Our findings also corroborate previous findings (Kummer et al., 2014; Zernig and Pinheiro, 2015; Pinheiro et al., 2016) that DSI proved to be a stimulus that engenders very mixed responses in mice (as opposed to rats), i.e., preference for or avoidance of DSI-associated contextual stimuli in 48% (i.e., 19 of 40; Figures 2, 3) of the tested mice each, resulting in a group mean around zero preference for DSI. In contrast to DSI, 15 mg/kg i.p. cocaine engendered preference for cocaine-associated contextual stimuli in 100% (i.e., 32 of 32) of the C57BL/6J mice. Thus, 15 mg/kg i.p. cocaine proved to be a much more robustly rewarding stimulus than DSI in C57BL/6J mice.

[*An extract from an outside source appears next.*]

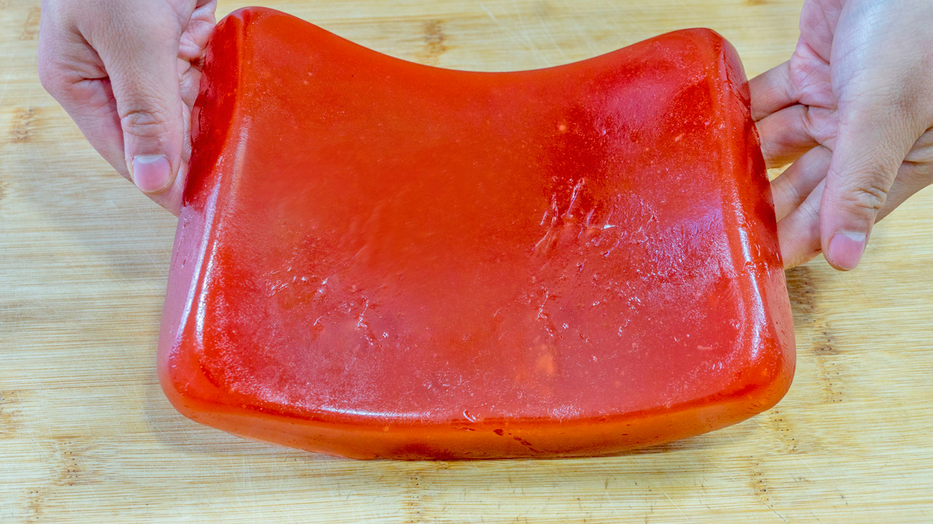11、待凉透后放入冰箱冷藏2个小时,从冰箱取出来就很容易脱模了,都没有倒扣,用手轻轻一掰就全部出来了,最后就可以切块儿啦。

We also demonstrated dose dependence of cocaine CPP in a concurrent CPP procedure, i.e., when pitching the DSI stimulus directly against cocaine, as 1.5 mg/kg i.p. cocaine (as opposed to DSI) produced CPP in only 62% (i.e., 5 of 8) previously DSI-conditioned mice (Figure 3A), whereas 100% (i.e., 8 of 9; Figure 3A) of previously DSI-conditioned mice preferred 15 mg/kg, i.e., a 10-fold higher cocaine dose, to DSI, regardless of the experimenter handling and testing the rats, and confirming previous results obtained by different generations of experimenters (Fritz et al., 2011b; Kummer et al., 2014).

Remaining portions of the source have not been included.